> Prompt: Every line below between the one holding "The Sonia gown" and the one holding "തങ്ങളുടെ പത്താം വാർഷികാഘോഷങ്ങളുടെ", inclusive, should be copied exactly, and no other line.
── Supplied records ──
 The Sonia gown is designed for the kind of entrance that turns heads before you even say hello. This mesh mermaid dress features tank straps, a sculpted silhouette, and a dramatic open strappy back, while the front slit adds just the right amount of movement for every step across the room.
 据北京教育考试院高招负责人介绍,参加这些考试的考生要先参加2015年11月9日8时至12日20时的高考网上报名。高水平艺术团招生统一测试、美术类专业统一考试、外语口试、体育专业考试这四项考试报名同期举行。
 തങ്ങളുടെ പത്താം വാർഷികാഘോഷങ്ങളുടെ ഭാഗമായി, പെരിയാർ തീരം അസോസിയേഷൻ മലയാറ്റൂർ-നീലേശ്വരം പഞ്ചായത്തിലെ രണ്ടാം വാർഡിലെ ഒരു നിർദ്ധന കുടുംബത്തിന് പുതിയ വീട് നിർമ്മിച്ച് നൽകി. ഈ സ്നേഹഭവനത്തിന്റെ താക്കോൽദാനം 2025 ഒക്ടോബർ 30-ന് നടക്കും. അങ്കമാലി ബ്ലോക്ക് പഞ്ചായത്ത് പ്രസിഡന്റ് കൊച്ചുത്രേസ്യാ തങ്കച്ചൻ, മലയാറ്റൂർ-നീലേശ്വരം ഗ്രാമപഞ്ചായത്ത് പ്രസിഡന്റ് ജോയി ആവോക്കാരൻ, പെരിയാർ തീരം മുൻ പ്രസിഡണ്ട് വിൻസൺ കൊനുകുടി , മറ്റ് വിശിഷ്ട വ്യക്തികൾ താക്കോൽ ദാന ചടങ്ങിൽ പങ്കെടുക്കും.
───
── Supplied records ──
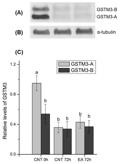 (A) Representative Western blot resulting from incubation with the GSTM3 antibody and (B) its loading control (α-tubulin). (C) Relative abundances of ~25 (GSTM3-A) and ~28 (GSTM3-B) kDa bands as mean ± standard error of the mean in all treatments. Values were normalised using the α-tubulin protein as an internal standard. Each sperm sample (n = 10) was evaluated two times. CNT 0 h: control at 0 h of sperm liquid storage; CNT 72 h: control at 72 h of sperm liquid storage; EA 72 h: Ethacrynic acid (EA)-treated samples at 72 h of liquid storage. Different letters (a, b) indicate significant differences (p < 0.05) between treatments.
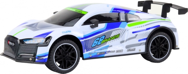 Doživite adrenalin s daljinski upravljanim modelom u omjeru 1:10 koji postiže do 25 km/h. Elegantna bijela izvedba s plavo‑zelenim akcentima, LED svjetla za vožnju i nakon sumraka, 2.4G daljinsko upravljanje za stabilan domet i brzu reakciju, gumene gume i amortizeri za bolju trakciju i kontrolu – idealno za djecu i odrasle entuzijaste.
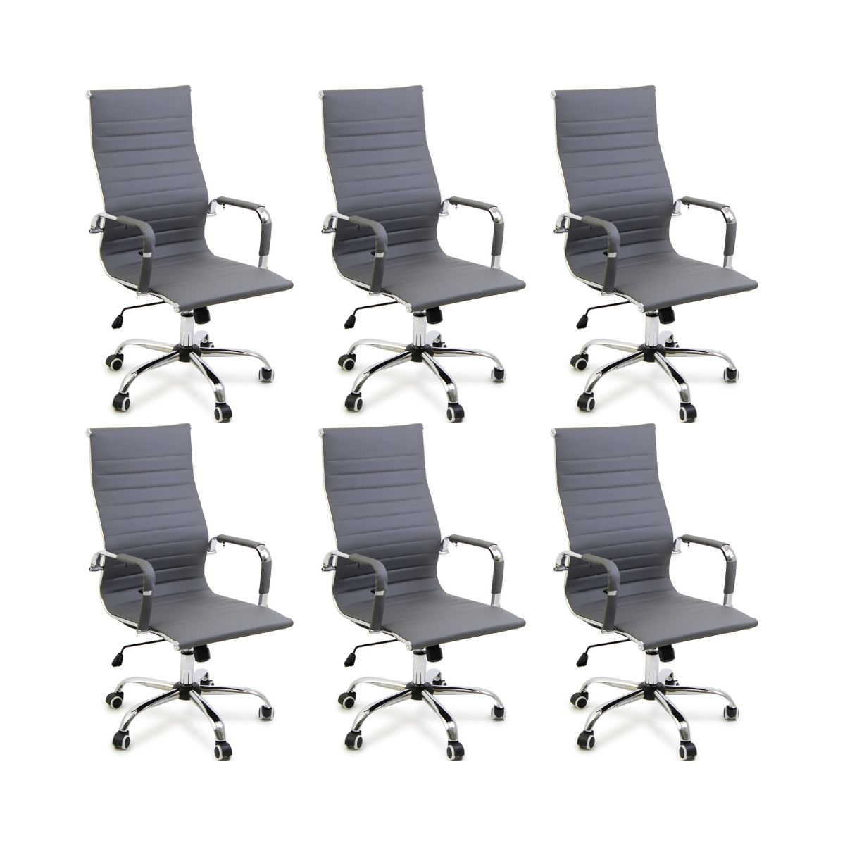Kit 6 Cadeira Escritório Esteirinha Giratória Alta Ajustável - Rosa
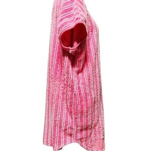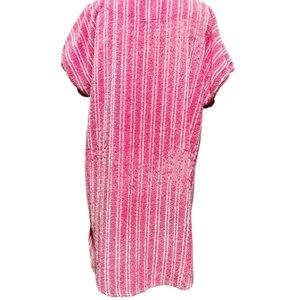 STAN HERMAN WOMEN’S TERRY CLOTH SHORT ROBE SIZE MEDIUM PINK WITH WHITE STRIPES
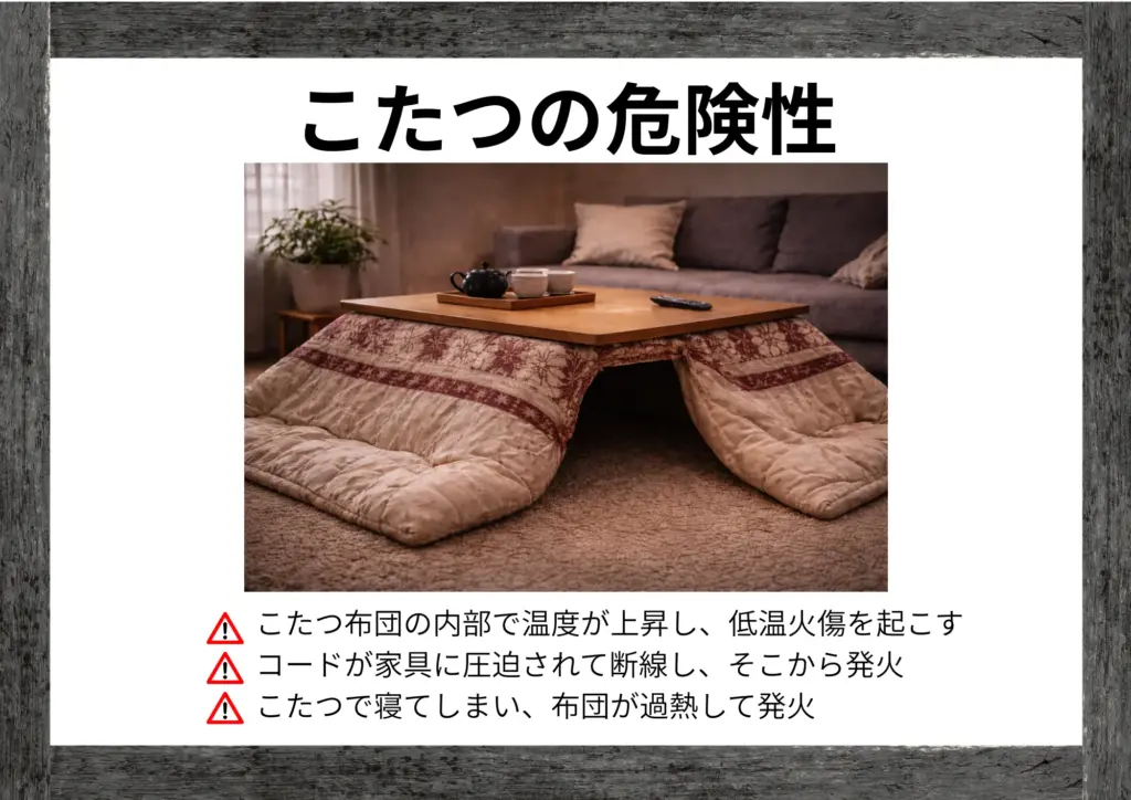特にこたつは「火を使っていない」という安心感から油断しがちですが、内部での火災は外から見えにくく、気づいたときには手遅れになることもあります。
───
> Exercise response:
 The Sonia gown is designed for the kind of entrance that turns heads before you even say hello. This mesh mermaid dress features tank straps, a sculpted silhouette, and a dramatic open strappy back, while the front slit adds just the right amount of movement for every step across the room.
 据北京教育考试院高招负责人介绍,参加这些考试的考生要先参加2015年11月9日8时至12日20时的高考网上报名。高水平艺术团招生统一测试、美术类专业统一考试、外语口试、体育专业考试这四项考试报名同期举行。
 തങ്ങളുടെ പത്താം വാർഷികാഘോഷങ്ങളുടെ ഭാഗമായി, പെരിയാർ തീരം അസോസിയേഷൻ മലയാറ്റൂർ-നീലേശ്വരം പഞ്ചായത്തിലെ രണ്ടാം വാർഡിലെ ഒരു നിർദ്ധന കുടുംബത്തിന് പുതിയ വീട് നിർമ്മിച്ച് നൽകി. ഈ സ്നേഹഭവനത്തിന്റെ താക്കോൽദാനം 2025 ഒക്ടോബർ 30-ന് നടക്കും. അങ്കമാലി ബ്ലോക്ക് പഞ്ചായത്ത് പ്രസിഡന്റ് കൊച്ചുത്രേസ്യാ തങ്കച്ചൻ, മലയാറ്റൂർ-നീലേശ്വരം ഗ്രാമപഞ്ചായത്ത് പ്രസിഡന്റ് ജോയി ആവോക്കാരൻ, പെരിയാർ തീരം മുൻ പ്രസിഡണ്ട് വിൻസൺ കൊനുകുടി , മറ്റ് വിശിഷ്ട വ്യക്തികൾ താക്കോൽ ദാന ചടങ്ങിൽ പങ്കെടുക്കും.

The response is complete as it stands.